Встала и запустила его по воде прыгать. Никитушка считать принялся, до одиннадцати дошел и тогда свой бросил. На один прыжок больше получил. А потом на бродяжку смотрит с особым выражением. Она сперва терпела, будто не видела, а вдруг спрашивает, не глядя:
– Нравлюсь?
– Ага, – говорит Никитушка, в румянец бросившись.
Бродяжка тогда зачерпнула сырую землю и лицо в ней выпачкала, чумазая замарашка стала.
– А теперь?
– Ты что?! – досадно изумляется Никитушка.
А бродяжка смеется.
Попович на нее смотрел и сам развеселился от ее чумазости. И больше особое выражение к ней не испытывал, а решил про себя, что она Божья и никакого камешка у нее на шее нет, потому как и не нужен.
А она от него уже прочь идет, не прощаясь.
– Ты куда? – спрашивает Никитушка.
– К тюрьме, – отвечает, – там мои братья.

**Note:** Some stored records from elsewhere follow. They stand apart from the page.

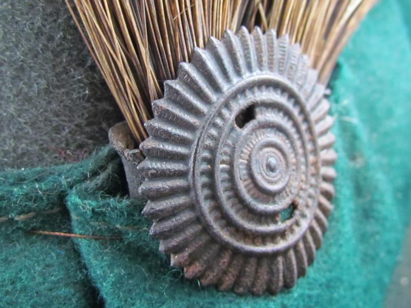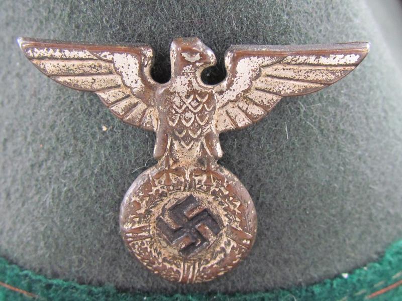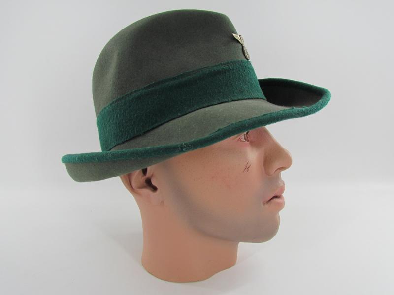 It is made from soft grey-green fur or wool felt (rarer variant) decorated by a dark-green hat band and edging around the brim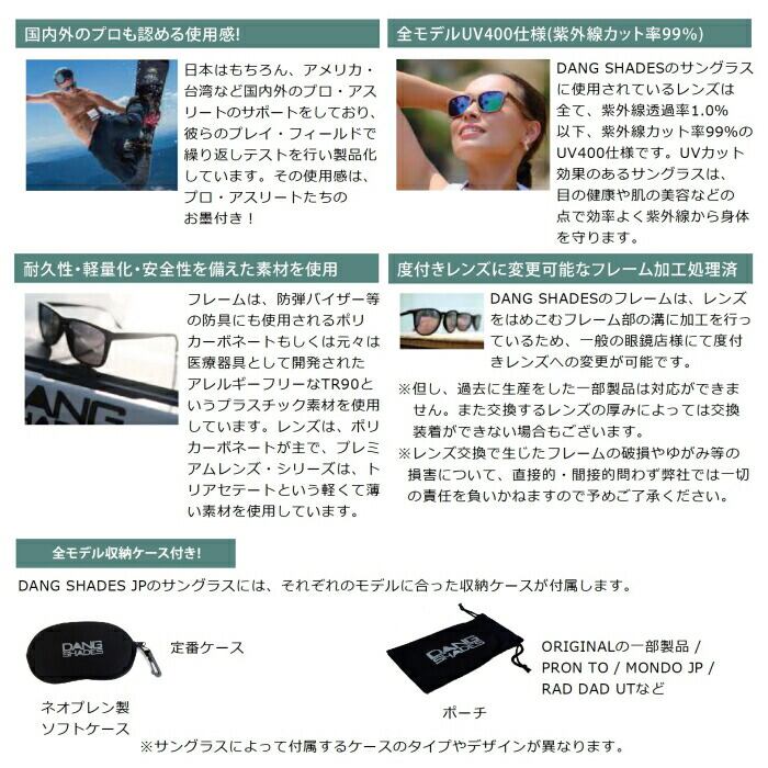 メーカー希望小売価格はメーカーカタログに基づいて掲載しています商品説明モデル名DANG SHADESFENTON定価:5000+(税)概要[FENTON]Dang Shades のオーナー兼サポート・ライダーのクリス・ベレスフォードが、10代前半まで過ごした街のストリートの名前が由来になった、ラウンド型のフレーム・モデル。ストリートはもちろんアクティブなシチュエーションにもマッチし、男女問わずユニセックスに使用可能。テンプルの「DANG」ロゴはメタル・ロゴを埋め込んだ仕様となります。過去に限定数のみでリリースをして人気のあった鼈甲柄のフレームに、ブラックス・スモークの偏光レンズの組み合わせたカラー・モデル。約16グラムという軽量さに加えて、アウトドアでもタウンユースでも、オールラウンドでマッチするデザイン。[Polarized(偏光レンズ)]視界の色調を損なうことなくコントラストを強め、雪原等からのギラギラした乱反射をカットし目が疲れにくく、すっきりとした快適な視界を確保するレンズ。ゲレンデにおけるライディング面の状況把握等で通常のレンズとは違った効果を発揮します。カラーフレーム:ブラック・ソフトレンズ:ローズミラー / 偏光レンズ(ミラー)可視光線透過率約15%※注意事項●返品について●お客様都合によるご注文後の返品・キャンセル・交換は一切受け付けておりませんので、予めご了承下さい。●商品画像について●撮影状況、PC状況により、色合いが若干異なる場合がありますので、ご了承の上ご購入ください。●商品欠品について●掲載されている全ての商品は実店舗・他のネットショッピングでも販売しております。ご注文を承り次第在庫を確保しますが、完売の際はご容赦下さい。 ●送料について●北海道・沖縄・離島等の場合、別途送料が必要となります。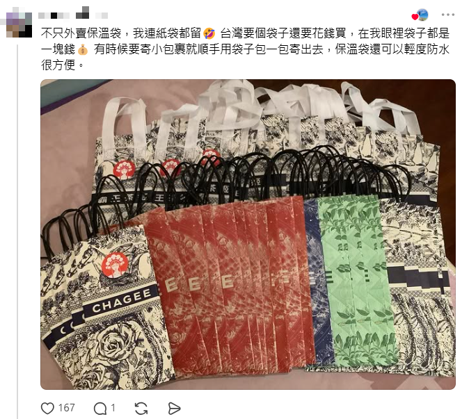 “真的假的?这种质感在台湾要另外加钱买吧?”还有网友留意到,照片里的袋子不是印象中薄薄一层塑料,而是带有保温层、表面防水印花、甚至磁吸扣设计的“高颜值”包装。

Так и ходила в городе вокруг каталажки, а внутрь ее не пускали.
Никитушка бродяжкины слова про камешек запомнил, только решил силе своей напоследок волю дать. Пошел к Горынычевой коптильне и для начала свистнул в треть силы. А как оттуда в испуге все повыбежали, он в полсвиста разошелся. Тут неприличной трубе конец настал, погнулась и окривела, да больше на кудеяровичей квелость не наводила своим видом. А с третьего свиста, в самую полную силу, коптильня обрушилась со страшным стоном, и память о ней пылью развеялась.
Сам же Горыныч в тюрьме прочно обосновался, все разбойные рыла на него верное свидетельство дали, и бывший вождь бритых голов еще добавил.

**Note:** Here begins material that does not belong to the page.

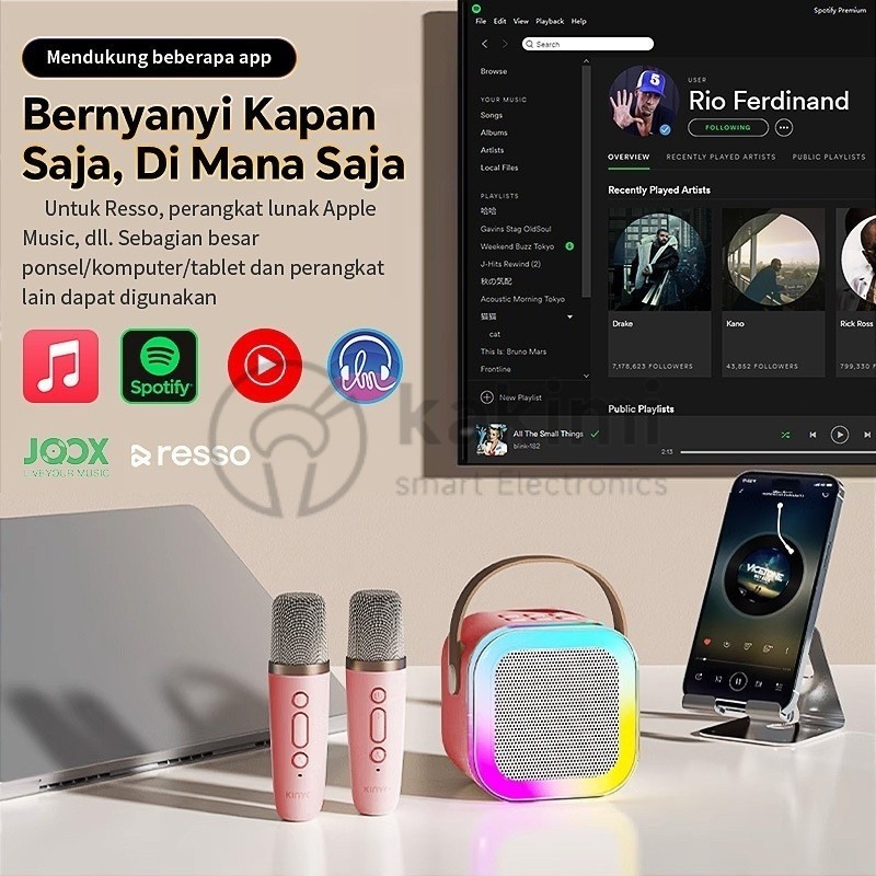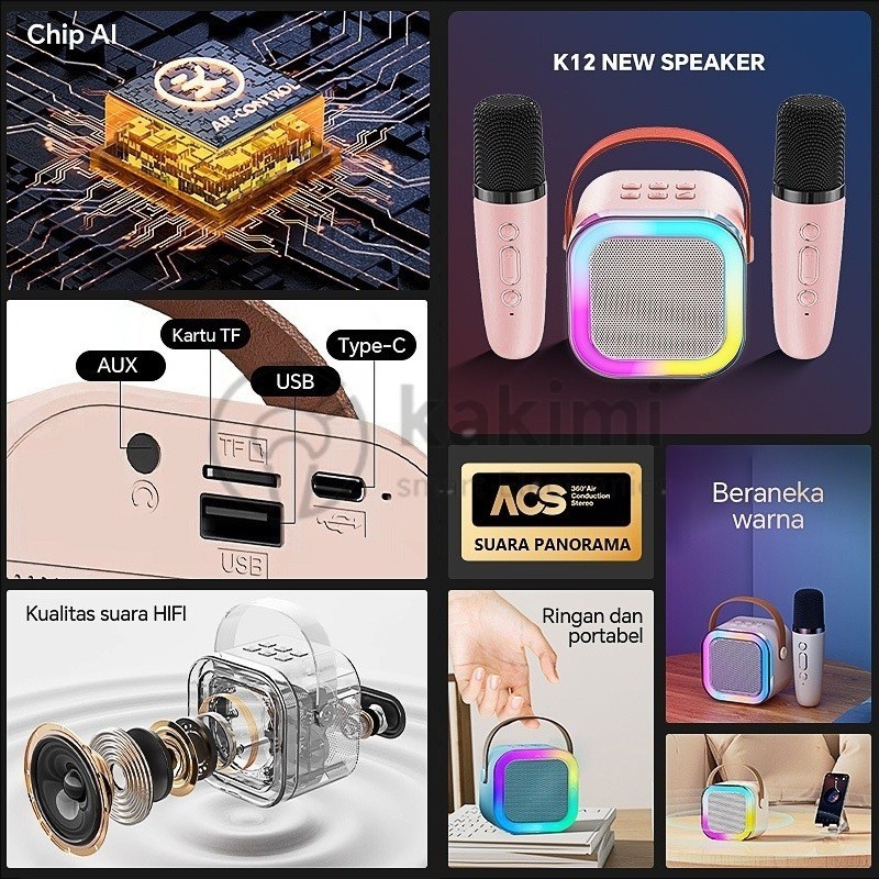 Kakimi K12 Speaker Bluetooth Plus Mic Actual Bluetooth Mini Speaker Portable Karaoke Speaker with 2 MIC 1 SET RGB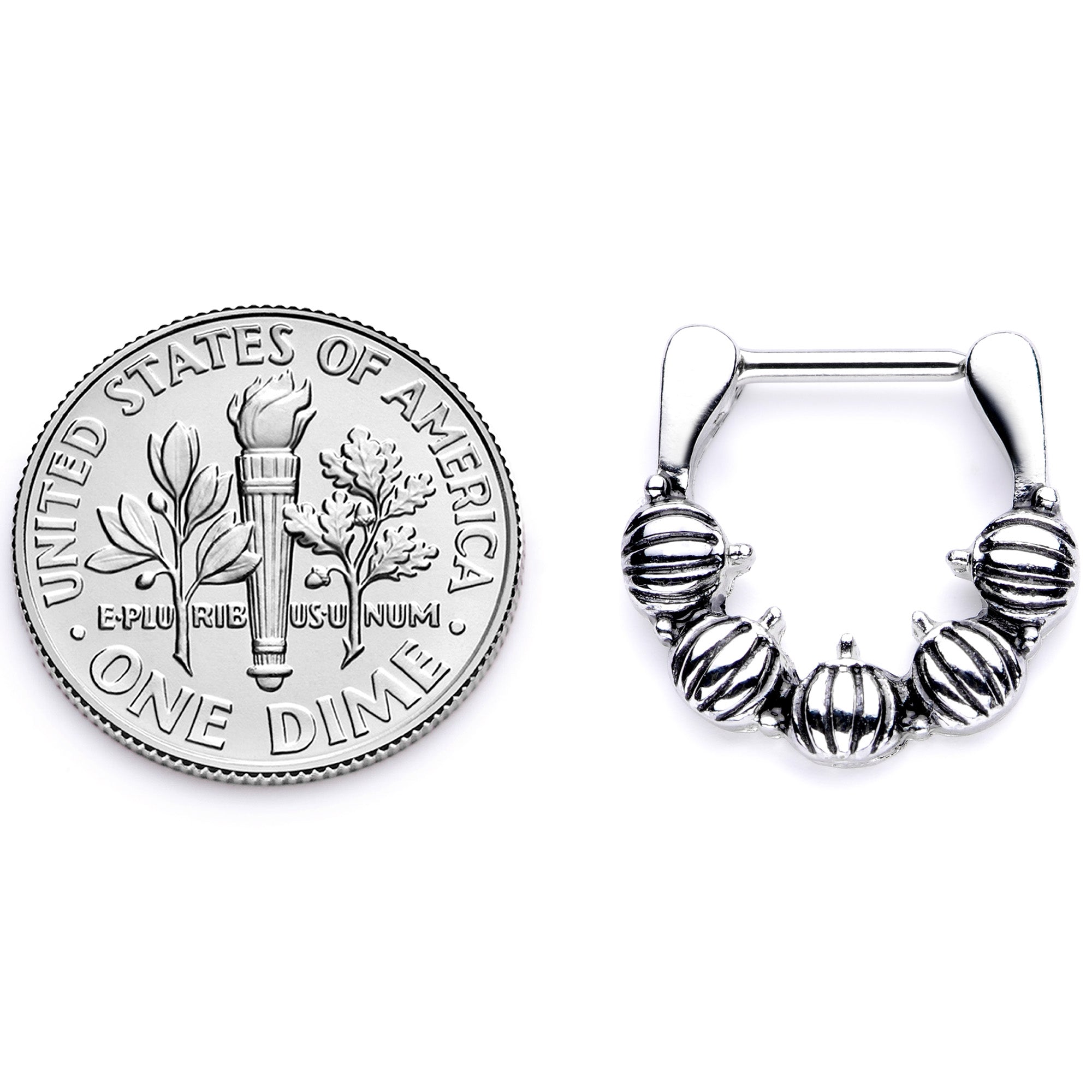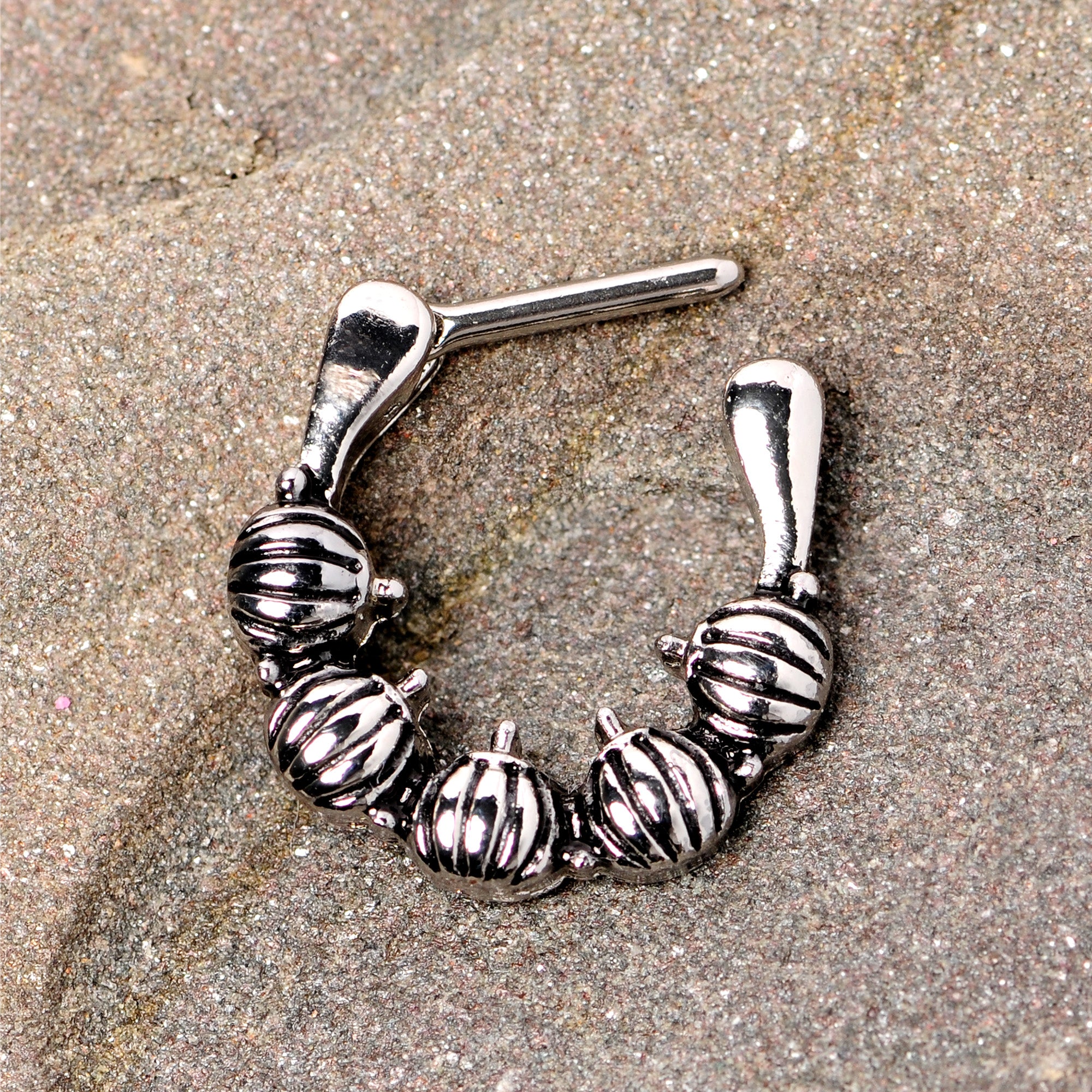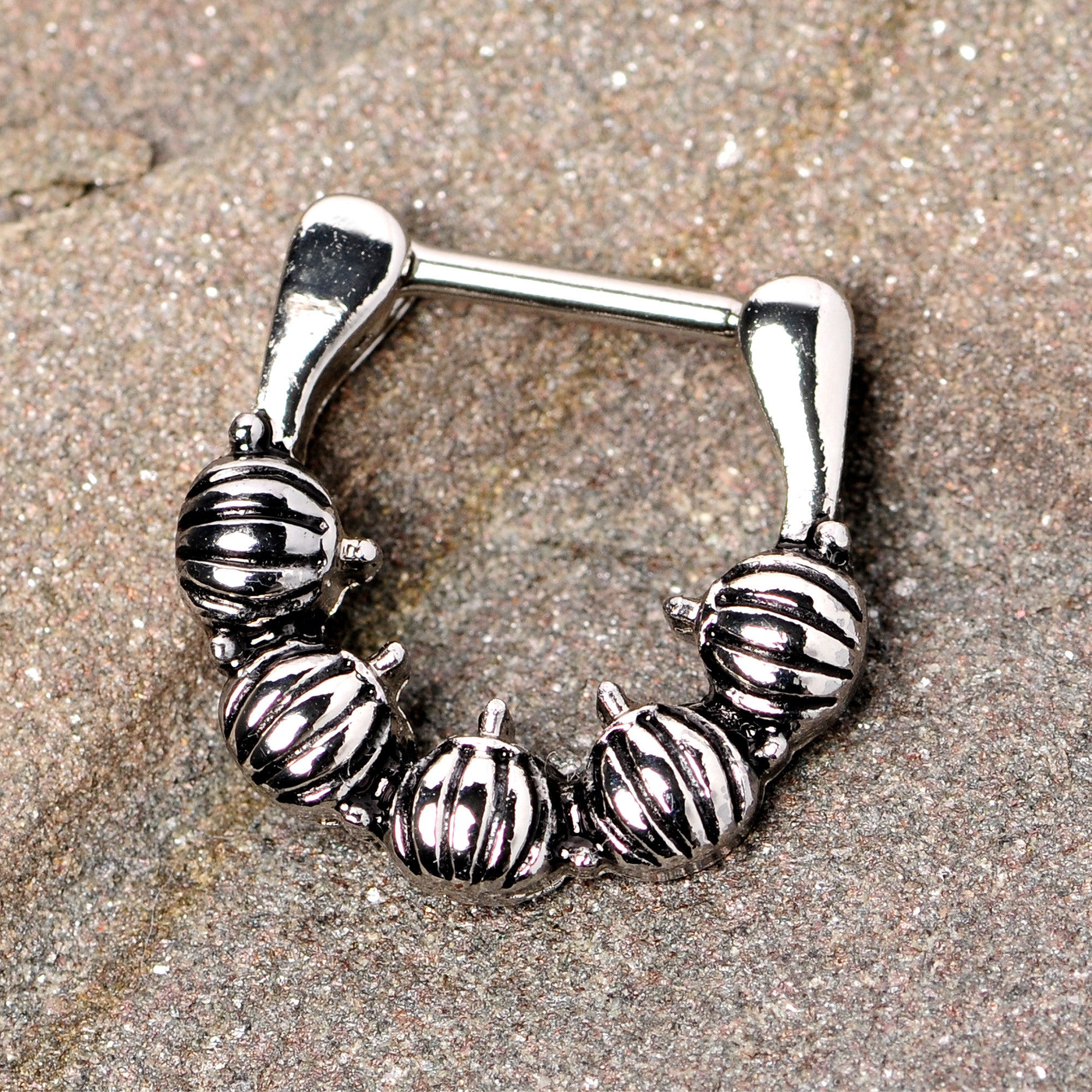 Perfect for autumn, now you can carry a pumpkin patch with you while staying warm and cozy inside! This 16 gauge cartilage earring is made with an 8mm durable 316L surgical grade stainless steel hinged straight barbell and features a simple ring of pumpkins. Even better, this cartilage ring works well in multiple piercings including some septum piercings as well as cartilage piercings like the tragus, helix, and rook piercings. This pumpkin patch is practically perfect!

А Госпожа Лола, прознавши мужнину участь и вероломство Кондрат Кузьмича, замыслила дурное дело. Темной ночью пришла к святому озеру да спустила в него заморских зубастых рыб.

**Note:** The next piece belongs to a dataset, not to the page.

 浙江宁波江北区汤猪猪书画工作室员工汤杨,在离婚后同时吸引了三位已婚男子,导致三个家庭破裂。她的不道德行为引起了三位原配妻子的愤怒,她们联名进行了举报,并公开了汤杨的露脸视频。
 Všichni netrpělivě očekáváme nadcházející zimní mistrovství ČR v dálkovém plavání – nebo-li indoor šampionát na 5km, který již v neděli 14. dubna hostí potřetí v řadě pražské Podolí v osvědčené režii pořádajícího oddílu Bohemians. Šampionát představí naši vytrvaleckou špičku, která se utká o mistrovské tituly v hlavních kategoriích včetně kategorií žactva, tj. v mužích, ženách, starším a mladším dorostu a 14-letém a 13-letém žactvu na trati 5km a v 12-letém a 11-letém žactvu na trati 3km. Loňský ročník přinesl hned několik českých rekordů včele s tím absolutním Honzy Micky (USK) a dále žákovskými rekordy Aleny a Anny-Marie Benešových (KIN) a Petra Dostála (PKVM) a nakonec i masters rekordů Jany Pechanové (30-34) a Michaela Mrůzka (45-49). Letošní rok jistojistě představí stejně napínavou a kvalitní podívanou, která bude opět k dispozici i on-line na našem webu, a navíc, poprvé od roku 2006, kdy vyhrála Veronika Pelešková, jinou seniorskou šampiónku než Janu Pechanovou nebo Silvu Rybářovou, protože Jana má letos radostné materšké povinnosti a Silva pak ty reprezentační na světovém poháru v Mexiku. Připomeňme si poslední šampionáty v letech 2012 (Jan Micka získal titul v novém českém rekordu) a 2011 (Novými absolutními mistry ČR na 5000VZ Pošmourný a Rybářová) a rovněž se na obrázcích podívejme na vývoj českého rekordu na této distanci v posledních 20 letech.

– Плодитесь, – наказала, – и размножайтесь, да озеро поганьте во славу Кудеяра.
А не знала светская кобылица, что заморские твари к нашим морозам повымрут.
Кондрат Кузьмич всё обращения к народу через малых городских шишек выпускал, одно дивней другого. То советного Гнома примется ругать – хотел-де все клады из кудеярских лесов к рукам прибрать и свои гномьи порядки у нас завести. А то про отеческую веру хорошо скажет – мы-де люди православные. Да только странное в народе слухотворение ходило, будто линяет Кондрат Кузьмич, оттого и носа не кажет. А такое было уже, старожилы рассказывали. Вот как культ личности разоблачился, так Кондрат Кузьмич тоже три месяца линял, а потом заговорил совсем по-новому. И когда катастройку у нас делали да свободу объявляли, он линял, это уже не одни старожилы помнили. А что у него там линяет, никто толком и не знал. Вот как по-иному говорить начнет, с другим словопрением, прежде невместным, так это точный знак, что линяет. А мы, кудеяровичи, ко всему привычные, как с нами ни говори. Всякого наслушались и навидались.
Вот у нас теперь на выборы в мэры Еремея Коснятина записали. А может, будет толк.
Один Яков Львович про Кондрат Кузьмича доподлинно все знал, а уж он бы никому не рассказал. Сам Яков Львович старичок уже мшистый, шаркающий, но в уме трезвый и просчетливый. Кондрат Кузьмич с ним знакомство давно порвал, когда еще свободу нам объявлял, а тут потянуло опять на старую дружбу, грехи прошлые сообща вспоминать. Пришел в гости, тапочки обул и на стол бутылку красненького выставил.
– Помянем, – говорит, – невинно убиенных?
– А это ты про кого, Кондраша? – ласково спрашивает Яков Львович и удавьими глазами смотрит.
– А про монахов, у озера расстрелянных, – отвечает Кондрат Кузьмич. – Память тебе никак отшибло, Яша?
– На память у меня жалоб нет, – качает головой Яков Львович, – а только невинные на земле вовсе не живут.
Да посуду все же достал.
– Один-то от нас ушел тогда, – говорит Кондрат Кузьмич. – По воде ушел.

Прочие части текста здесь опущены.